Using the data collection procedure described above, we successfully identified 5,300 congressional candidates as having a website—or 88.1% of all major-party, ballot-eligible candidates who ran for the U.S. House between 2018 and 2022. Of those candidates with a website, 85.0% included a policy platform, and 96.5% included a biographical narrative. A minority of candidates who had a website—a total of seventy-two across all election cyles, or 1.2%—did not present any biographical or policy information on that site. Validation of candidate inclusion, and trends in campaign website missingness are discussed in greater detail in ‘Technical Validation.’

Labeling Campaign Platform Text for Topical Content

To provide greater insight into the contents of congressional candidates’ campaign platforms, we developed a comprehensive set of Major Policy Topic codes tailored specifically to electoral campaign content. Our team of human annotators manually labeled the entire corpus, consisting of over 40,000 platform points, assigning each of these documents to a single topical category.
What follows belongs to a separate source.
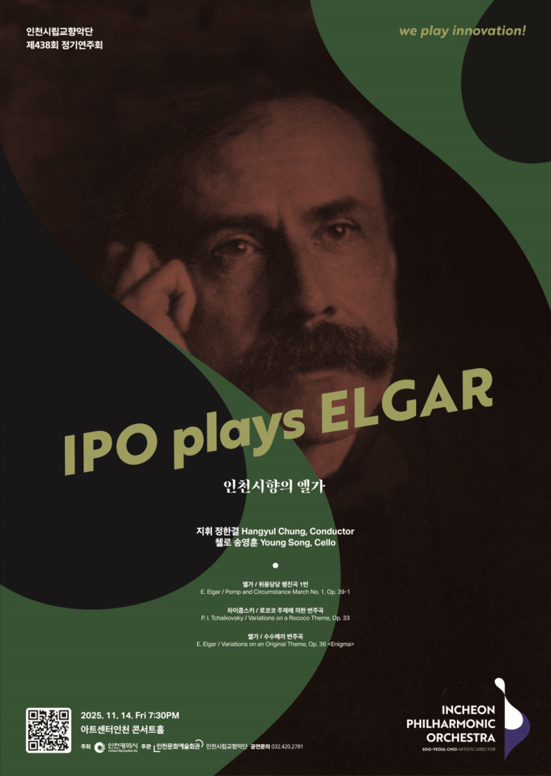 영국 낭만주의의 향기를 전할 인천시립교향악단 제438회 정기연주회 <인천시향의 엘가>는 전석 1만 원으로, 인천문화예술회관과 아트센터인천 누리집, 엔티켓 및 NOL 티켓에서 예약 가능하다.

Annotators completed an in-person training session and practiced on a set of twenty example candidates, with their initial annotations checked for accuracy by a Principal Investigator (PI). Additionally, annotators were provided with a detailed instructional codebook containing examples to guide accurate topic assignment; this codebook is included in the Supplementary Materials. In cases where a platform point referenced multiple topics, annotators assigned the code corresponding to the majority of the text’s topical content. Validation of these hand-labeled documents is discussed in ‘Technical Validation.’

Tables 1 and 2 summarize the Major Policy Topic codes employed in hand-labeling. For each code, Table 1 provides illustrative examples of typical content, drawn from the annotation codebook provided in the Supplementary Materials. To provide further context, Table 2 presents the top words distinctly associated with each policy category compared to others, identified using a keyness analysis²⁷. Details regarding applications for this coding schema are discussed in the ‘Usage Notes.’

Table 1 Example Contents of Major Policy Topics. Bulleted lists illustrate typical issues and policies categorized under each Major Policy Topic for classifying campaign platform content.

Full size table

Table 2 Terms Associated with Major Policy Topics. Lists of terms are the top-ranked words distinctly associated with each Major Policy Topic, identified through a keyness analysis.

Full size table

Matching Candidates with Auxiliary Data

During the text collection stage of database creation, we store candidate metadata found on campaign websites. The candidate information we collect includes history of elective experience (no elected experience, previously held public elected office), incumbency status (challenger, incumbent), and partisanship (Democrat, Republican). We also record the state and congressional district of a candidate’s electoral contest. After each election cycle, we collect information on each candidate’s primary election vote share, made available by State Election Offices. We also manually link each candidate with their identification number assigned by the Federal Election Commission. Procedures for collecting these auxiliary candidate data are outlined in our data collection codebook, provided in the Supplementary Materials.

Data Records

The complete CampaignView database can be found on Harvard Dataverse²⁸, distributed under the CC0 1.0 Universal license. The database comprises two datasets: the biographical narratives from candidate websites, and the campaign platforms from candidate websites. Each can be downloaded as a comma-separated file format (.csv, for access in programs such as Python), Stata data file format (.dta, for access in Stata), or R data file format (.rds, for access using the R programming language). The database is also publicly accessible and downloadable at campaignview.org. We describe each dataset in greater detail in the subsections below.

Biographical Narratives

Each observation in this dataset is a biographical narrative for an individual candidate in a given year. An individual candidate is featured multiple times in the dataset if they ran across multiple election cycles. This dataset’s main feature of interest is the biographical narrative text taken from campaign websites. Text is complete and preserved of all formatting but has been cleaned of extraneous HTML source code. Additionally, characters incompatible with UTF-8 (e.g., ò and ą) were converted to plain text alternatives. Auxiliary information compiled during text collection about each candidate (partisanship, incumbency status, prior elective experience) and their electoral context (year, state, congressional district) is included for all observations. FEC candidate identification numbers are provided for all candidates with available identifiers. For convenience, we use this auxiliary information to merge our data with other relevant candidate and district-level information. Data on general election outcomes for pertinent candidates (i.e., primary election winners) are merged from the MIT Election Data and Science Lab²⁹. Previous presidential vote share by congressional district is merged from The Downballot (https://www.the-downballot.com/p/the-downballots-calculations-of-presidential). State-level information on primary election participation rules is recorded from Open Primaries (https://openprimaries.org/rules-in-your-state/). Table 3 displays variable names, descriptions, and a sample observation from the dataset of biographical narratives.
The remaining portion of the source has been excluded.